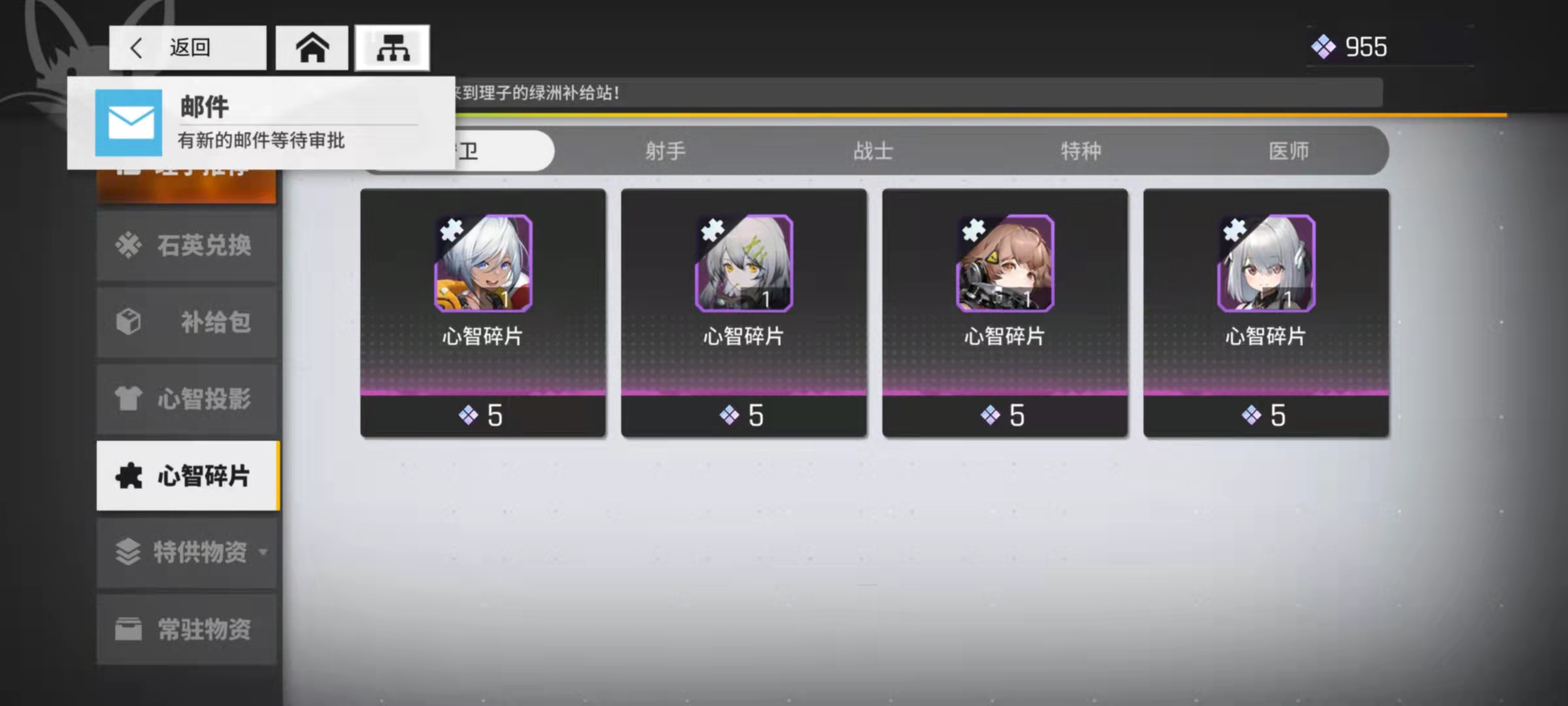 游戲但這個(gè)我們的抽到的重復(fù)角色,會被轉(zhuǎn)化為心智構(gòu)建,在心智碎片里面可以兌換我們已經(jīng)獲得的角色碎片,即使是初始三星角色也是可以直接兌換的。個(gè)人建議大家只兌換三星角色,畢竟大部分2星角色強(qiáng)度是遠(yuǎn)不如初始3星的。這里面的單個(gè)角色碎片最多兌換25枚。
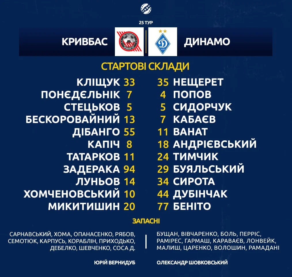 Кривбас і Динамо зустрічаються у 25-му турі чемпіонату України. Склади та посилання на онлайн-трансляцію поєдинку дивіться на "Футбол 24".
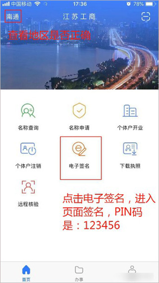 5、人脸识别完成后,我们查看首页左上角地区,是否是我们注册公司所在地区,如果不正确,点击切换地区。然后点击电子签名,进入签名页面,输入PIN码默认是123456
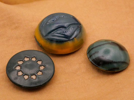 Celluloid Early Plastic Bubble Tight Top Navy Blue Set of Three Buttons 18-37mm
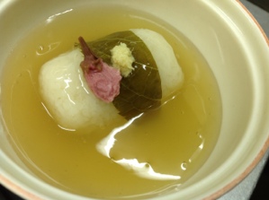 道明寺(もち米を蒸して乾燥)を出汁で戻して中には白身魚を焼いたものを包んであります。桜の葉を巻いて蒸しあげ、熱々のあんをかけて。
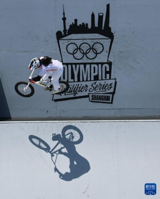 這是2024年5月18日,中國選手鄧雅文在巴黎奧運會資格系列賽上海站小輪車自由式女子公園賽決賽中。新華社記者 王楷焱 攝
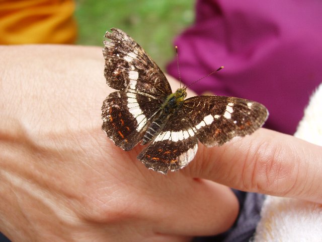 頂上は、風が強くゆっくり食事をする場所もない。辛うじて岩場の陰に寄り添いながら食事を始めた。宴たけなわの頃、中央あたりで食事をしていたカップルがトンビに襲われ、手に持っていた食べ物を奪われた。どうやらここにいるトンビの狩猟対象はは観光客の食料のようだ。以降、来る客すべて襲われる。すぐ近くにいた我々は岩陰にいたせいか襲われなかったがそれでも防御のためストックをたてて対抗した。それにも拘わらず、低空飛行で威圧しながら虎視眈々と我々を狙うトンビは格好が良かった。
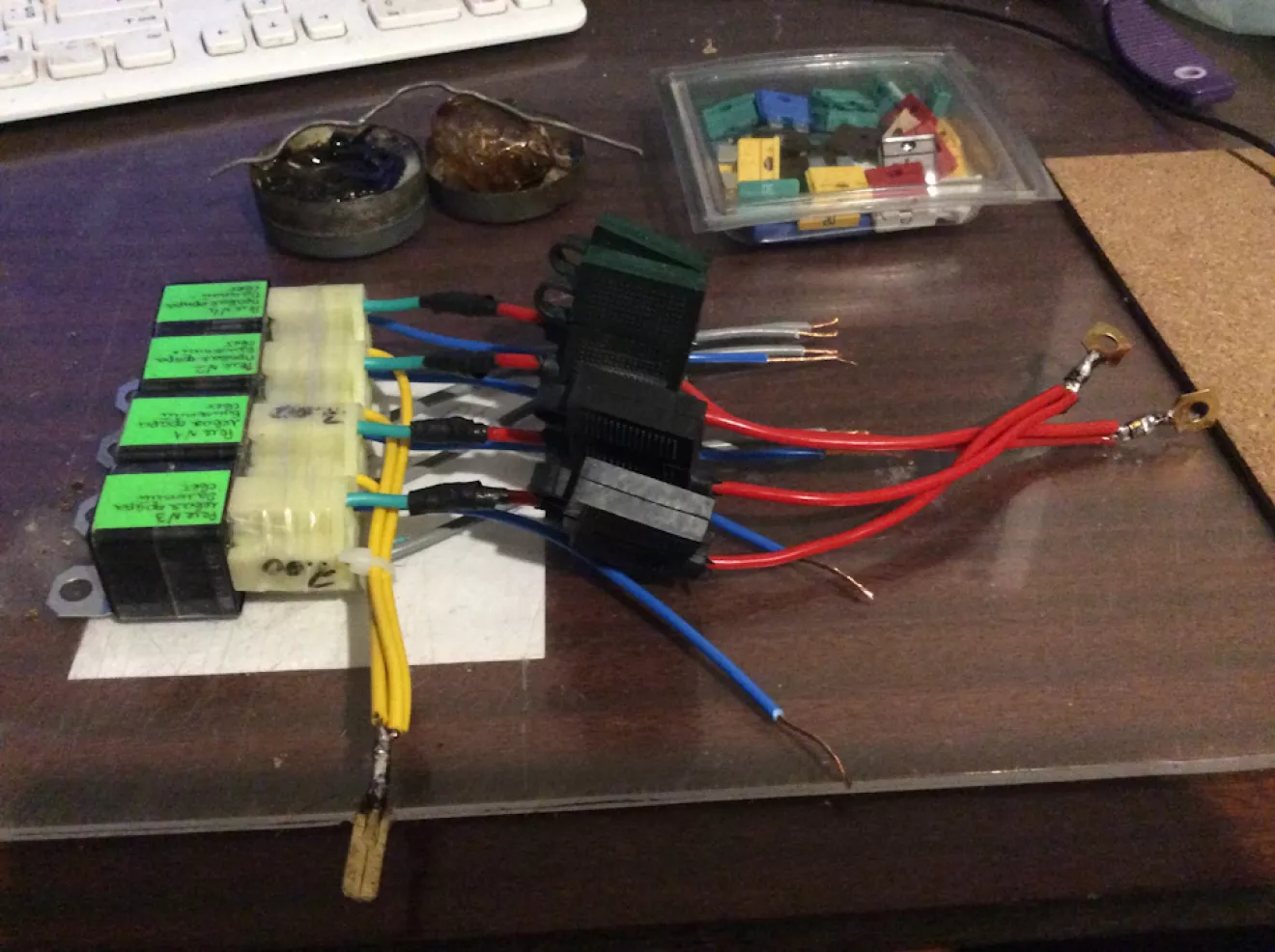 Столкнулся я со слабым светом штатных фар. Особенно ближний свет. Читал форумы, статьи на разных сайтах. Проблема слабого штатного света есть у всех Т4 не зависимо от года выпуска. Некоторые владельцы к этому относятся не так критично, однако я пожелал улучшений. Первым делом заменил лампы в фарах. Стояли лампы Филипс. Самые обычные. Поставил Осрам +110. Светить стали лучше, однако все равно маловато. В куче узлов автомобиля на пути тока к фаре происходят большие потери. От батареи ток идет на блок предохранителей и реле. За тем оттуда идет к выключателю света. Дальше снова на блок. Затем к подрулевому и снова на блок. От блока уже расходится на фары. Это все контакты, контакты и еще раз контакты, которые имеют свойство окисляться, ослабляться и прочие -ляться. Потери в 1,5-2 вольта. В рамках доделки поставил 4 штуки реле. Питание реле приходит через те все контакты. Но для реле это не критично. Минус прямой от батареи. Фары питаются с минимальной длиной проводов от батареи через предохранитель и контакты реле.
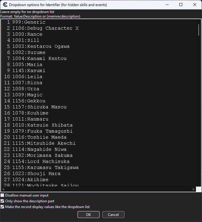 4. After reading all messages I see that Kanami cannot be cleared and CGs viewed. Is she the only one known so far? I saw that Maria and Leila can be done in part 2. I tried to change a unit into Kanami with the cheat table (the IDs for events) and that actually triggered the 1st event in Owari so that might be a workaround. Anybody knows the ID number as well so I can have her fully at some point? Also it would be nice to have actually a full list of character IDs.
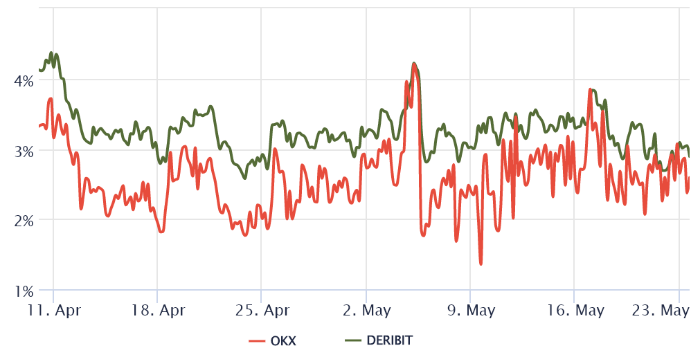 De acuerdo con los datos anteriores, el indicador básico de Bitcoin ha estado por debajo del 4 % desde el 12 de abril. Esta lectura es típica de los mercados bajistas, pero el hecho de que no se haya deteriorado después de la venta masiva a $25 400 el 12 de mayo es alentador.
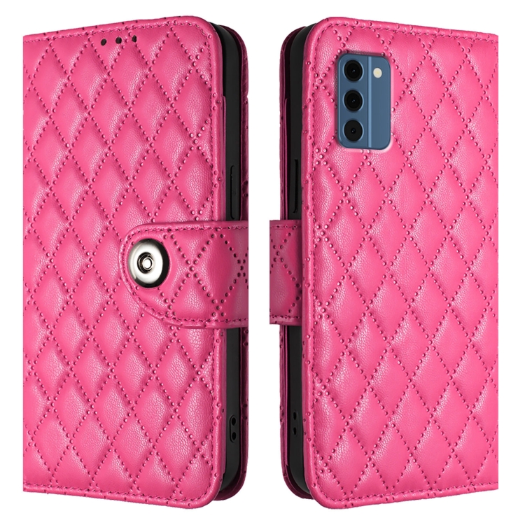 Funda de Cuero con Tapa y Textura Rombal para Nokia C300 con Cordón (Rosa y Rojo)
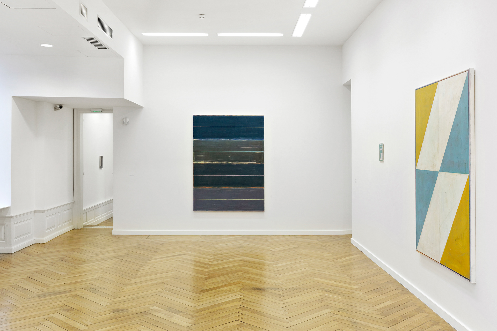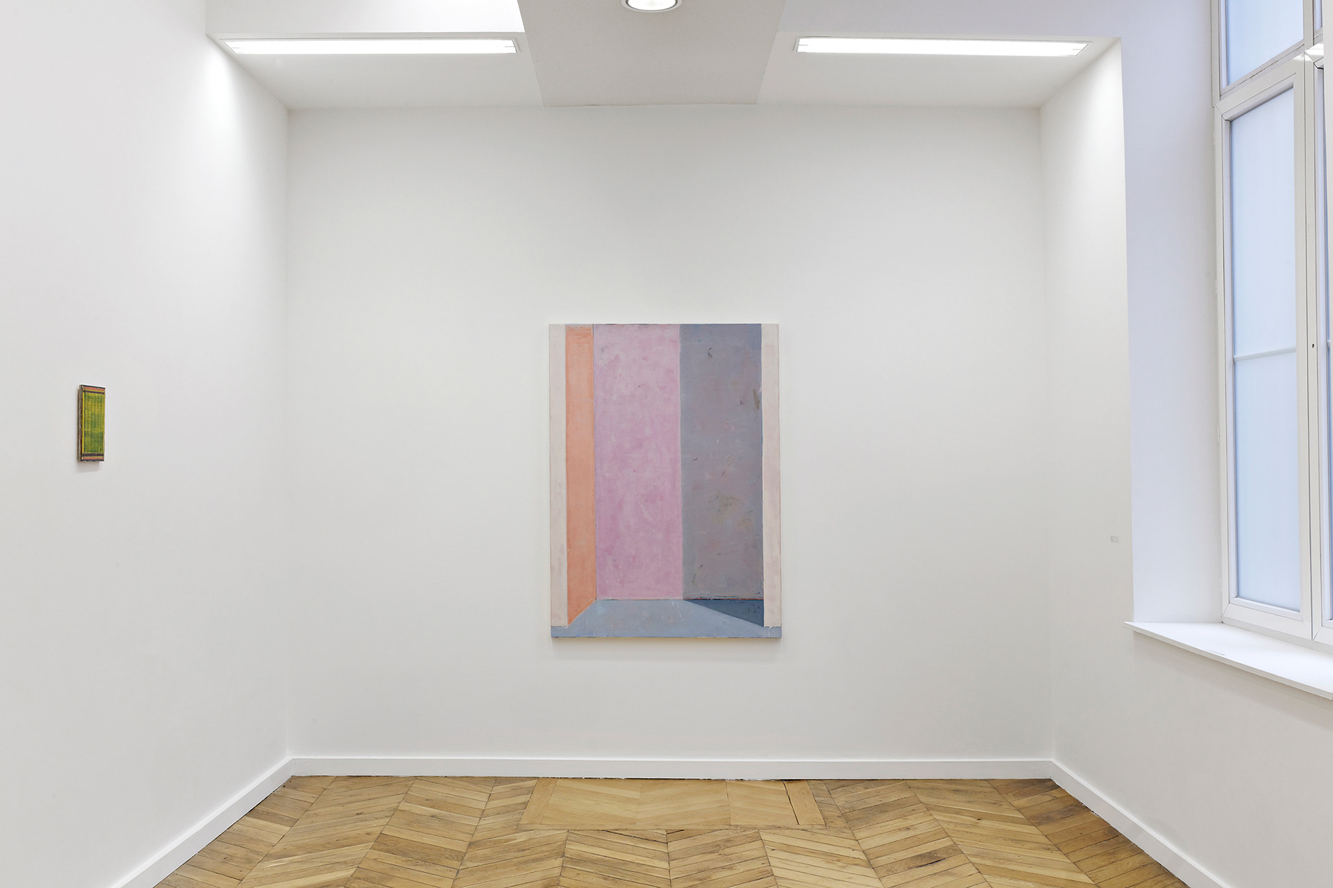 solitude et d'ennui dans l'atelier mais parce que ce mur, ou la fenêtre de l'atelier, le store, l'embrasure de la porte, fondent un monde en soi. En qualité de sujets littéraux ils sont inépuisables comme l'est, par exemple, le vers de Marcelin Pleynet, "le mur du fond est un mur de chaux (1)" que pourrait évoquer l'huile sur papier intitulée Holzwand ("Mur de bois") dont la littéralité permet une ouverture grand angle du champ pictural. L’œuvre de Pius Fox s'inscrit autant dans un héritage de la peinture abstraite que dans celui, très hétérogène, d'une histoire du plaisir de peindre où le sujet est prétexte à l'acte de peindre,
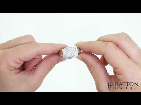 The striking square face of this 9ct yellow gold ring is studded with 24 eye-catching diamonds, framed by a highly polished yellow gold ridged band for incredible light reflection, featuring a distinctive belt of white gold through the middle. Measuring at 13.7mm across the top, this ring is sure to make a statement.
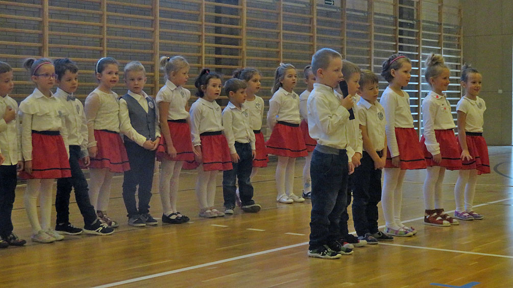 Dnia 8.11.2018r., podczas Apelu z okazji 100. rocznicy odzyskania przez Polskę niepodległości przedszkolaki zaprezentowały przepiękny program artystyczny – były wiersze, piosenki, no i tańce, które możecie obejrzeć poniżej. Program przygotowały panie wychowawczynie wspólnie z panem od rytmiki.
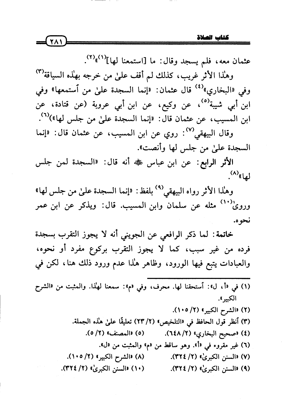 خَاتِمَة: لما ذكر الرَّافِعِيّ عَن الْجُوَيْنِيّ أَنه لَا يجوز التَّقَرُّب بِسَجْدَة فَرده من غير سَبَب، كَمَا لَا يجوز التَّقَرُّب بركوع مُفْرد أَو نَحوه، والعبادات يتبع فِيهَا الْوُرُود، وَظَاهر هَذَا عدم وُرُود ذَلِك هُنَا، لَكِن فِي
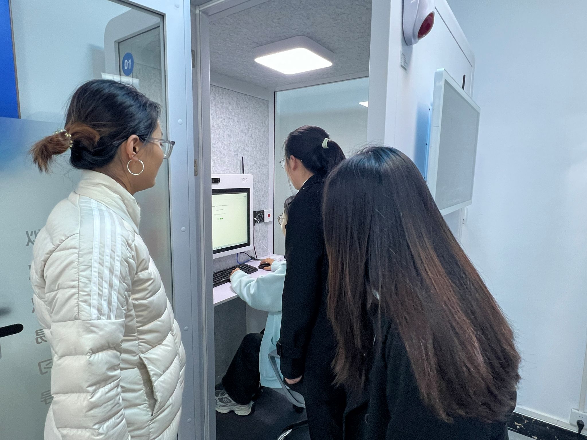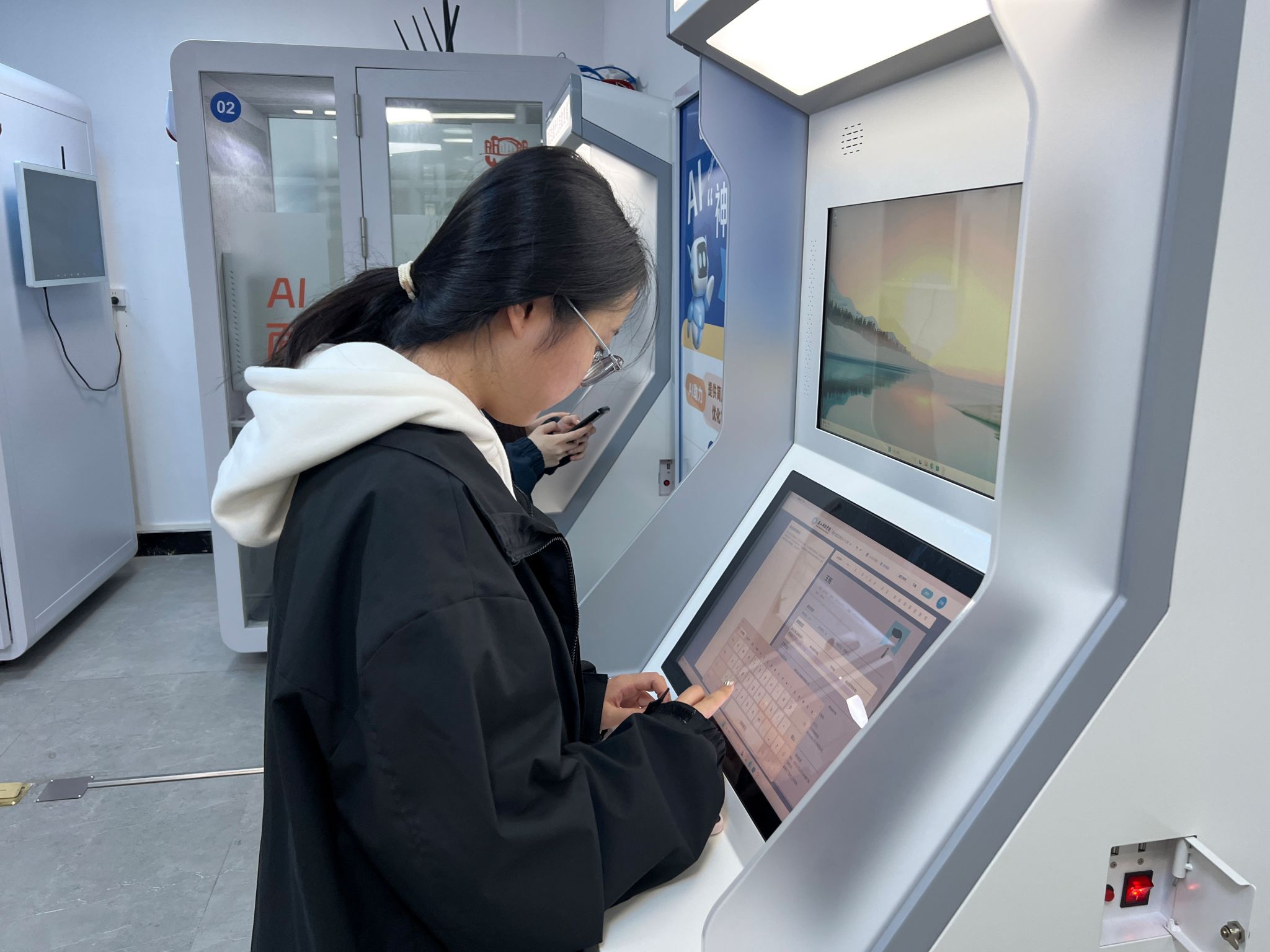 紧接着,学生们体验了更具挑战性的“AI模拟面试舱”。在这个私密的空间内,学生们面对的不再是老师和同学,而是一位由人工智能驱动的“面试官”。这位“面试官”能够根据学生选择的行业、职位,提出高度仿真的专业问题和情景化题目。
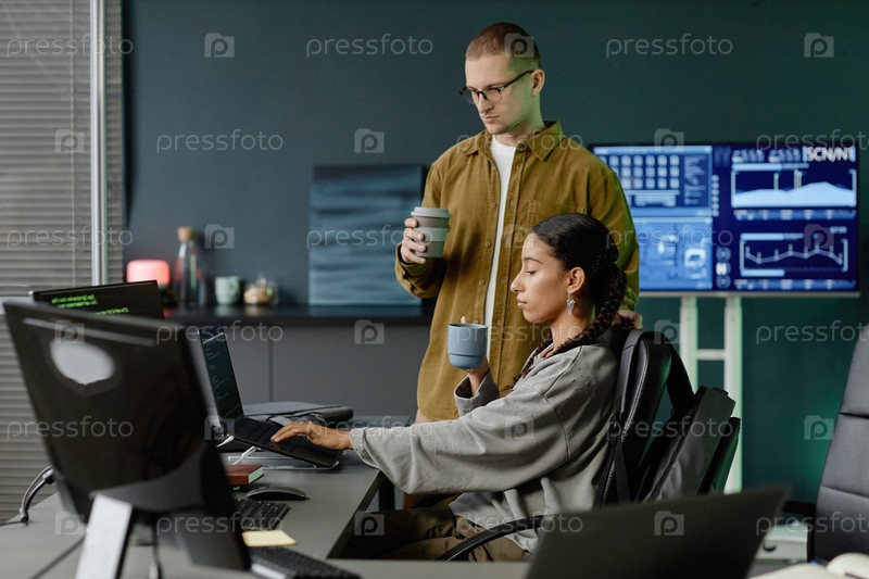 Женщина-программист, использующая ноутбук Сотрудничает с коллегой на работе На встрече в офисе

- - -

#### WHAT TO WORK ON:
Return all the data exactly, pictures omitted.

#### ANSWER SECTION:
 游戲但這個(gè)我們的抽到的重復(fù)角色,會被轉(zhuǎn)化為心智構(gòu)建,在心智碎片里面可以兌換我們已經(jīng)獲得的角色碎片,即使是初始三星角色也是可以直接兌換的。個(gè)人建議大家只兌換三星角色,畢竟大部分2星角色強(qiáng)度是遠(yuǎn)不如初始3星的。這里面的單個(gè)角色碎片最多兌換25枚。
 Кривбас і Динамо зустрічаються у 25-му турі чемпіонату України. Склади та посилання на онлайн-трансляцію поєдинку дивіться на "Футбол 24".
 5、人脸识别完成后,我们查看首页左上角地区,是否是我们注册公司所在地区,如果不正确,点击切换地区。然后点击电子签名,进入签名页面,输入PIN码默认是123456
 Celluloid Early Plastic Bubble Tight Top Navy Blue Set of Three Buttons 18-37mm
 道明寺(もち米を蒸して乾燥)を出汁で戻して中には白身魚を焼いたものを包んであります。桜の葉を巻いて蒸しあげ、熱々のあんをかけて。
 這是2024年5月18日,中國選手鄧雅文在巴黎奧運會資格系列賽上海站小輪車自由式女子公園賽決賽中。新華社記者 王楷焱 攝
 頂上は、風が強くゆっくり食事をする場所もない。辛うじて岩場の陰に寄り添いながら食事を始めた。宴たけなわの頃、中央あたりで食事をしていたカップルがトンビに襲われ、手に持っていた食べ物を奪われた。どうやらここにいるトンビの狩猟対象はは観光客の食料のようだ。以降、来る客すべて襲われる。すぐ近くにいた我々は岩陰にいたせいか襲われなかったがそれでも防御のためストックをたてて対抗した。それにも拘わらず、低空飛行で威圧しながら虎視眈々と我々を狙うトンビは格好が良かった。
 Столкнулся я со слабым светом штатных фар. Особенно ближний свет. Читал форумы, статьи на разных сайтах. Проблема слабого штатного света есть у всех Т4 не зависимо от года выпуска. Некоторые владельцы к этому относятся не так критично, однако я пожелал улучшений. Первым делом заменил лампы в фарах. Стояли лампы Филипс. Самые обычные. Поставил Осрам +110. Светить стали лучше, однако все равно маловато. В куче узлов автомобиля на пути тока к фаре происходят большие потери. От батареи ток идет на блок предохранителей и реле. За тем оттуда идет к выключателю света. Дальше снова на блок. Затем к подрулевому и снова на блок. От блока уже расходится на фары. Это все контакты, контакты и еще раз контакты, которые имеют свойство окисляться, ослабляться и прочие -ляться. Потери в 1,5-2 вольта. В рамках доделки поставил 4 штуки реле. Питание реле приходит через те все контакты. Но для реле это не критично. Минус прямой от батареи. Фары питаются с минимальной длиной проводов от батареи через предохранитель и контакты реле.
 4. After reading all messages I see that Kanami cannot be cleared and CGs viewed. Is she the only one known so far? I saw that Maria and Leila can be done in part 2. I tried to change a unit into Kanami with the cheat table (the IDs for events) and that actually triggered the 1st event in Owari so that might be a workaround. Anybody knows the ID number as well so I can have her fully at some point? Also it would be nice to have actually a full list of character IDs.
 De acuerdo con los datos anteriores, el indicador básico de Bitcoin ha estado por debajo del 4 % desde el 12 de abril. Esta lectura es típica de los mercados bajistas, pero el hecho de que no se haya deteriorado después de la venta masiva a $25 400 el 12 de mayo es alentador.
 Funda de Cuero con Tapa y Textura Rombal para Nokia C300 con Cordón (Rosa y Rojo)
 solitude et d'ennui dans l'atelier mais parce que ce mur, ou la fenêtre de l'atelier, le store, l'embrasure de la porte, fondent un monde en soi. En qualité de sujets littéraux ils sont inépuisables comme l'est, par exemple, le vers de Marcelin Pleynet, "le mur du fond est un mur de chaux (1)" que pourrait évoquer l'huile sur papier intitulée Holzwand ("Mur de bois") dont la littéralité permet une ouverture grand angle du champ pictural. L’œuvre de Pius Fox s'inscrit autant dans un héritage de la peinture abstraite que dans celui, très hétérogène, d'une histoire du plaisir de peindre où le sujet est prétexte à l'acte de peindre,
 The striking square face of this 9ct yellow gold ring is studded with 24 eye-catching diamonds, framed by a highly polished yellow gold ridged band for incredible light reflection, featuring a distinctive belt of white gold through the middle. Measuring at 13.7mm across the top, this ring is sure to make a statement.
 Dnia 8.11.2018r., podczas Apelu z okazji 100. rocznicy odzyskania przez Polskę niepodległości przedszkolaki zaprezentowały przepiękny program artystyczny – były wiersze, piosenki, no i tańce, które możecie obejrzeć poniżej. Program przygotowały panie wychowawczynie wspólnie z panem od rytmiki.
 خَاتِمَة: لما ذكر الرَّافِعِيّ عَن الْجُوَيْنِيّ أَنه لَا يجوز التَّقَرُّب بِسَجْدَة فَرده من غير سَبَب، كَمَا لَا يجوز التَّقَرُّب بركوع مُفْرد أَو نَحوه، والعبادات يتبع فِيهَا الْوُرُود، وَظَاهر هَذَا عدم وُرُود ذَلِك هُنَا، لَكِن فِي
 紧接着,学生们体验了更具挑战性的“AI模拟面试舱”。在这个私密的空间内,学生们面对的不再是老师和同学,而是一位由人工智能驱动的“面试官”。这位“面试官”能够根据学生选择的行业、职位,提出高度仿真的专业问题和情景化题目。
 Женщина-программист, использующая ноутбук Сотрудничает с коллегой на работе На встрече в офисе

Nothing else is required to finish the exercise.